== EXTRACTED RECORDS
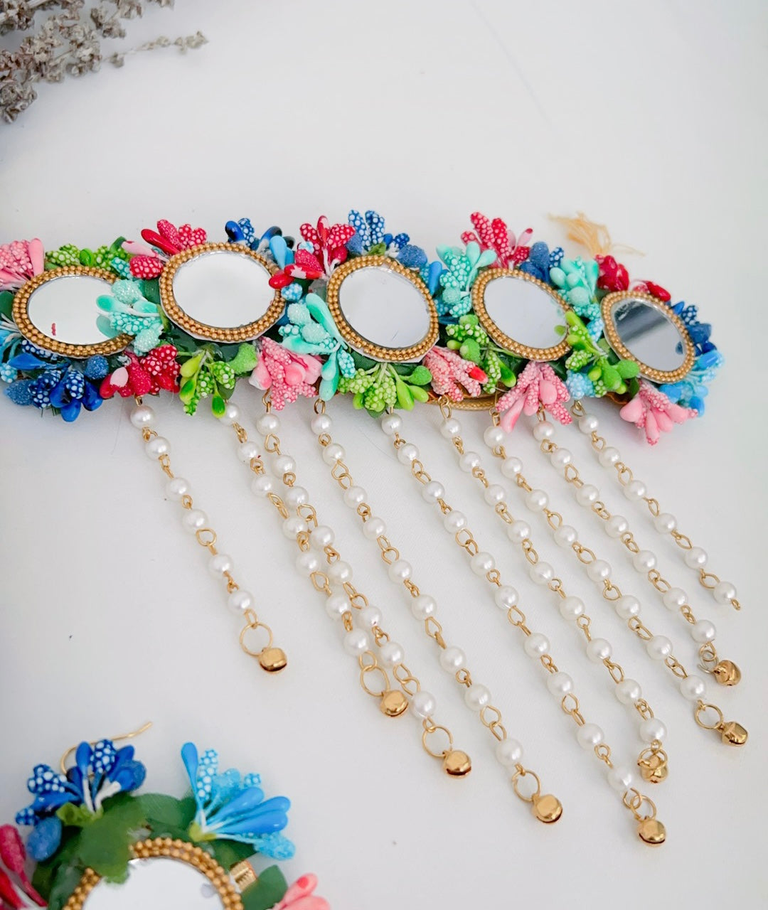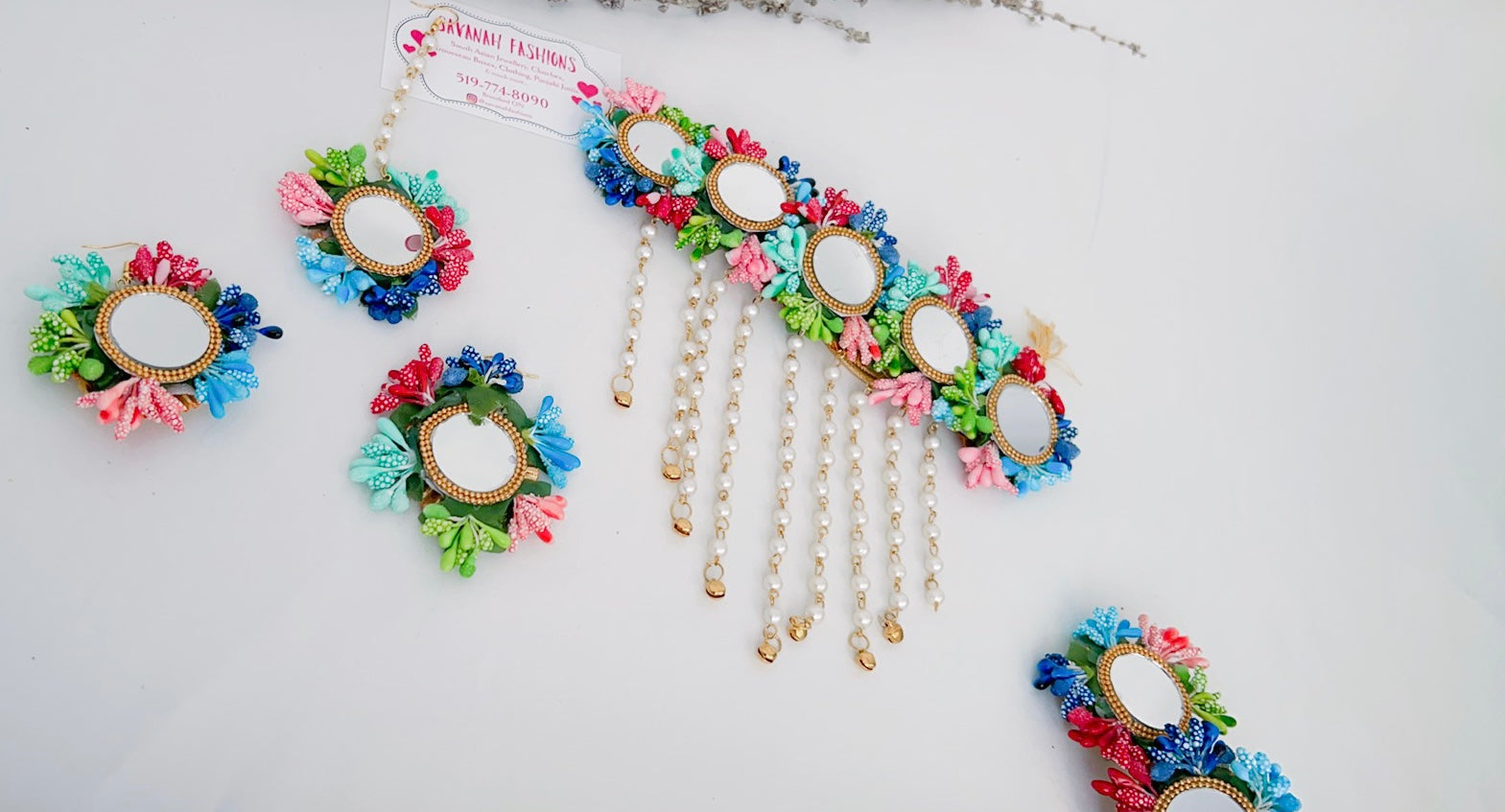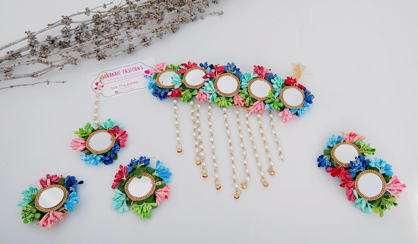 Beautifully put together flower jewellery for your maiyan/haldi event. Full set includes: necklace, tikka, earrings, hand accessories.
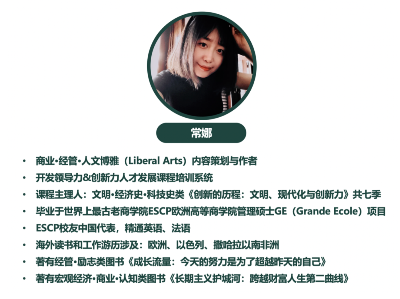 你好,我是常娜,感谢看见。《创新的历程》(第一季)是我在过去几年读书,与不同的教授、学者、创业者以及读书人学习交流过程中创作的通识启蒙课程。通识与人文博雅(liberal arts)教育并非培养具体的技能,而是以人本主义精神,关注每个人本身,培养丰富健全的人格、培养一个人获得并经营幸福的能力。
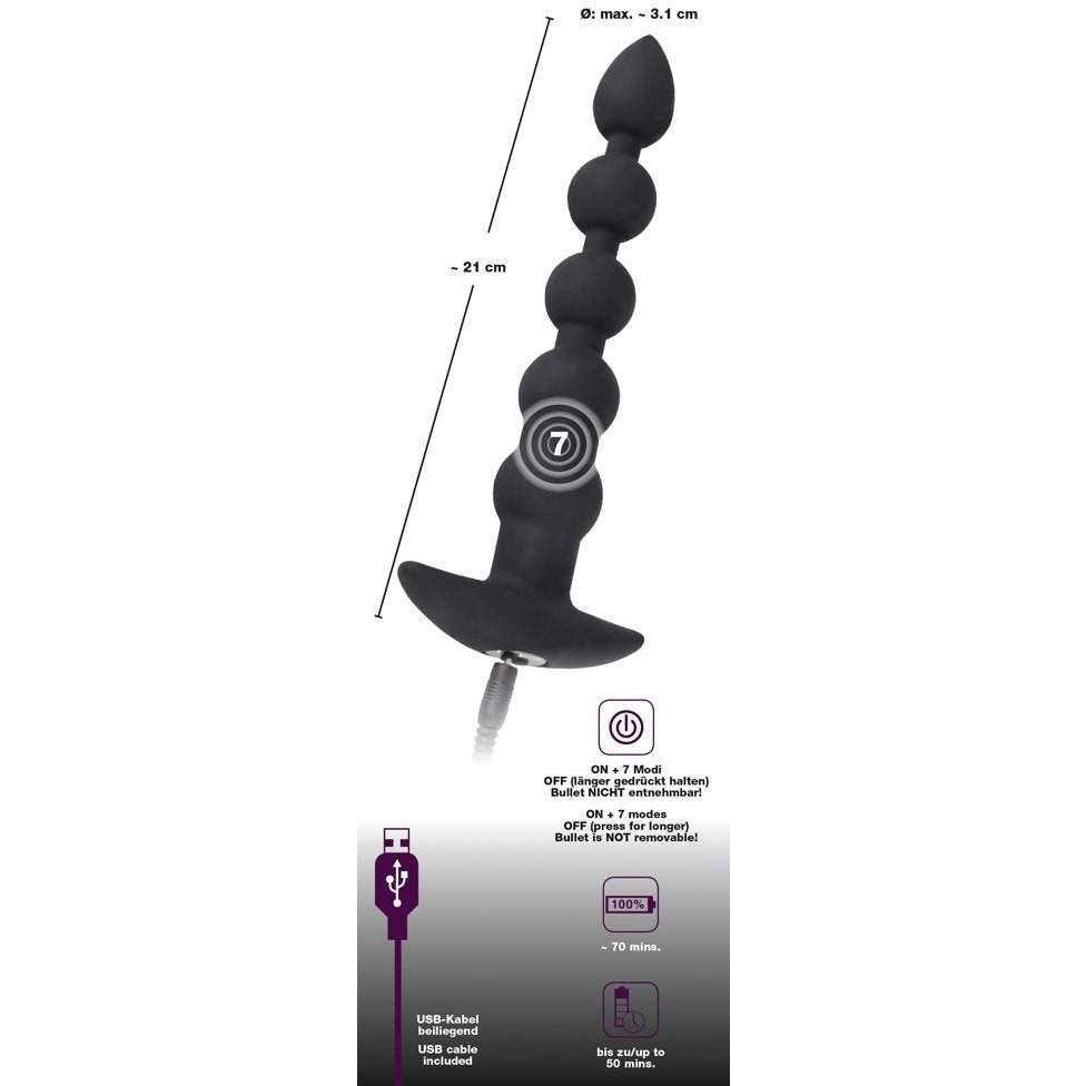 Анальная цепочка оснащена мощной вибрацией, которая насчитывает целых 7 различных режимов. Управление осуществляется кнопкой на основе. Там же находится и разъем для USB-кабеля, который поможет вам с легкостью зарядить игрушку. Зарядное устройство идет в комплекте. Время зарядки 70 минут, время работы 50 минут.
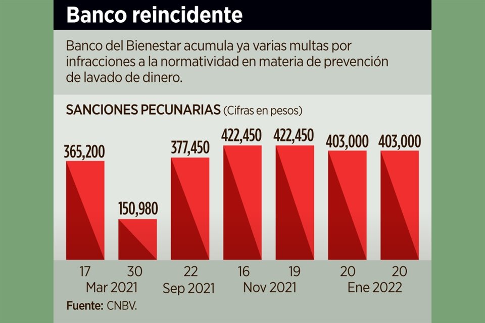 El Banco del Bienestar sumó otras dos multas de las autoridades regulatorias por incumplimientos a la legislación en materia de lavado de dinero.
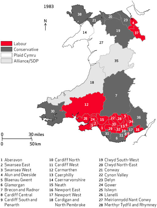 Balsom’s main purpose in devising these categories was to predict and explain variations in patterns of party political voting. He suggested that these regions were already undergoing significant change at the time he was writing. New patterns of work and industry and changing population profiles were undermining old images of a ‘Celtic Fringe’ based on rural, agricultural Wales, and a Labour stronghold rooted in the coal industry. Balsom was especially concerned that changes affecting what he called the ‘traditional south Wales area’ (his ‘Welsh Wales’) would throw into question a form of Welsh identity developed and expressed in the English language. He said that this made it hard to imagine a future sense of Welshness that was not anchored in the Welsh language. In other words, he was predicting the likely disappearance of Welsh Wales as it merged more and more into British Wales. On the other hand, he acknowledged that Wales was still held together by a widely shared sense of being Welsh, and indeed there was evidence that this was being strengthened by the development of Welsh political institutions. From our perspective now, a quarter of a century later, we can judge the accuracy of these predictions.
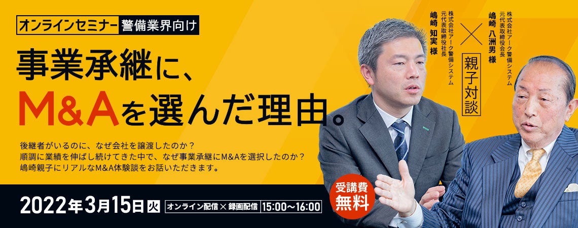 警備業界では、財政基盤の強化、人材確保や設備投資を目的としてM&Aを行うことが多い。特に人材の確保という観点からは、同業種のM&Aによって警備員をそのまま引き継げるのは大きな利点である。近年は、不動産業やイベント会社、介護福祉などの他業種と警備会社のM&Aも盛んに行われている。今回、警備会社を譲渡した嶋崎親子をお招きして、なぜ好業績の中、M&Aを決断したのか?本やインターネットでは聞けないリアルな体験談を語っていただきます。
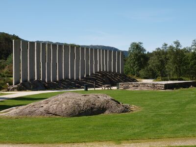 Dagens Gulatinget med scene og Bård Breiviks installasjon.
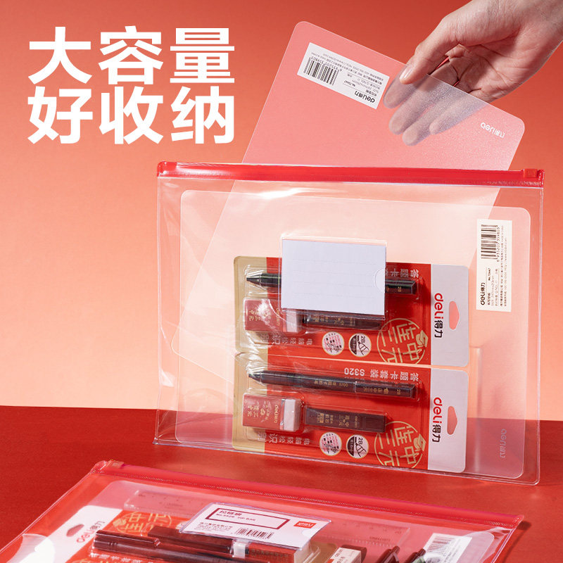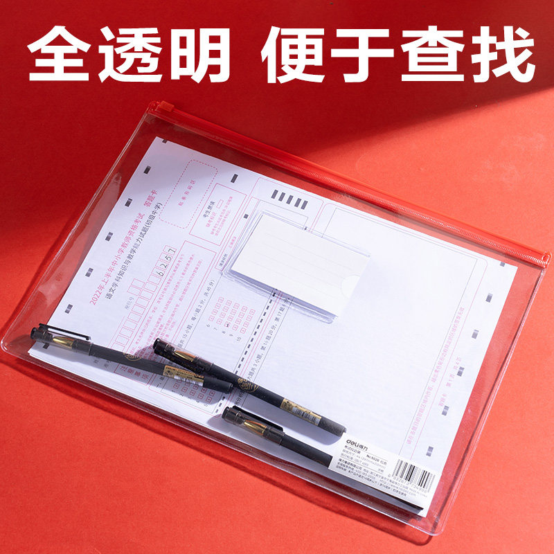 得力拉链袋考试专用a4高透明文具笔袋考试袋学生用试卷袋防水袋a5中考高考考研资料拉边袋试卷袋文件收纳袋子
====
▸ YOUR INSTRUCTIONS: Write out nothing but the lines from the start of the data through the line with "你好,我是常娜,感谢看见。《". Leave out the pictures.

▸ WRITTEN ANSWER:
 Beautifully put together flower jewellery for your maiyan/haldi event. Full set includes: necklace, tikka, earrings, hand accessories.
 你好,我是常娜,感谢看见。《创新的历程》(第一季)是我在过去几年读书,与不同的教授、学者、创业者以及读书人学习交流过程中创作的通识启蒙课程。通识与人文博雅(liberal arts)教育并非培养具体的技能,而是以人本主义精神,关注每个人本身,培养丰富健全的人格、培养一个人获得并经营幸福的能力。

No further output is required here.